Sunday, September 12, 2004

Do the Lynddie!

Monday, September 06, 2004

Belated Movie Reviews

It seems that I missed a lot of movies in the past decade and watched quite a few of them this past weekend. I thought I might give a review of them:

Windtalkers
**
It was a decent action flic with more of a story than John Woo usually lets you have. Nicolas Cage gives the usual mailed-in Johnny Fontane performance that you would expect from Hollywood Silver Spoon trying to play the part of a war hero.
The Navajos are decent actors except their characters are one dimensional and you feel nothing but sympathy for them. It isn't clear whether the actors are actually Navajos or not, nor whether the language you hear is really Navajo. One would have to do some research to find out the answer to those questions.
Unfortunately, I watched this movie the night after I watched When We Were Soldiers, so the fake battle scenes done on what was surely a Hollywood set seemed very contrived if not reminiscent of the A-team. It was tiring to watch the correct person run while poorly trained Japanese soldiers shot at the dirt around their feet (go for the chest!).
It's worth watching if you like fake action movies that try to have a serious message and plot.

When We Were Soldiers
****
I avoided this movie for a long time because the previews had that line, "We will ride into battle...and this will be our horse." The rhythm with which Mel Gibson said those lines really bothered me.
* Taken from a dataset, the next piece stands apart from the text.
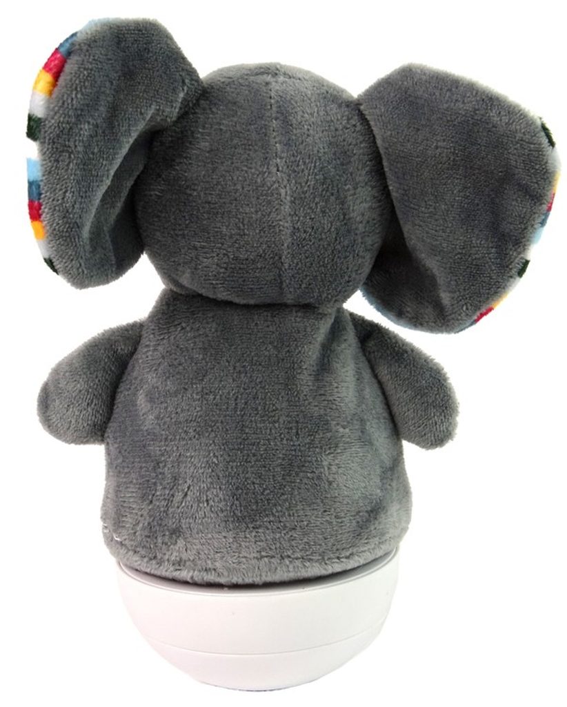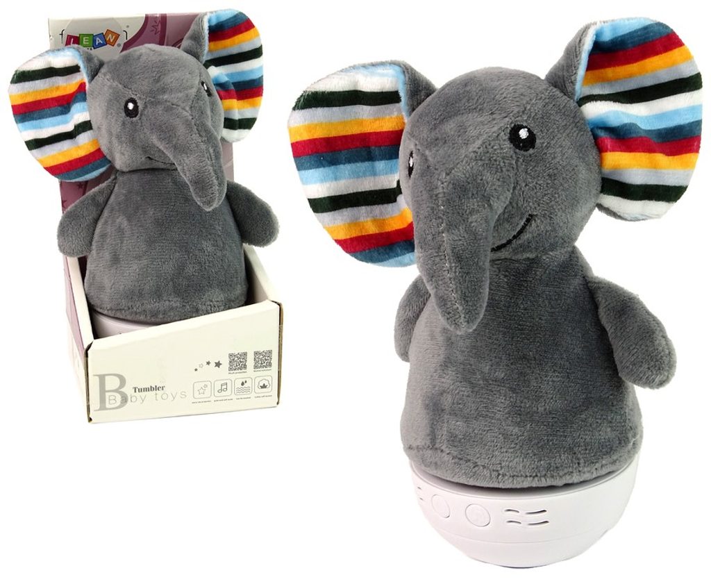 Interaktivní plyšový slon Baby Tumbler je ideální hračkou pro ty nejmenší děti kdy jim pomůže snadno usnout. Je vyroben z jemného na dotyk příjemného materiálu. Pokud dítě hračku převrhne, díky správně zabudovanému těžišti se stále vrací do vertikály, pro malé průzkumníky je to fascinující věc. Nahradí i funkci lampy, střídání barev a klidná melodie budou perfektním pomocníkem při usínání Vašeho dítěte.Slon má úplně dole dvě tlačítka, jedno má na starosti spouštění hračky, druhé změnu melodie. Každá píseň je uklidňující a uklidňující. Během písní svítí tlumeným světlem, cyklicky mění barvy, funguje tedy jako noční lampa. Potah ve tvaru slona je snímatelný, jakmile se zašpiní, můžete jej hodit do praní.

I wish I could recreate it for you, but I can't, you'll just have to remember how he said it. In any event, I did myself a disservice by not watching this movie sooner. Because of movies like Full Metal Jacket, Platoon, and TV shows like Tour of Duty, battle in Vietnam felt very stifling, lacking in strategy, and not very technological. When We Were Soldiers gives the strategy on both sides a lot of play and take a realistic approach to showing a true story without embellishing much. Soon to be canonized, Mel Gibson gives another great performance.

G.I. Jane
***
Good story, thought provoking, erotic. See it, not sure if you should believe it.

The Recruit
***
An on-the-edge-of-your-seat-thriller if you missed the previews and ignore Pacino playing the same bad guy that he's played since the Devil's Advocate. C'mon Scarface, do some coke and get all crazy in a movie.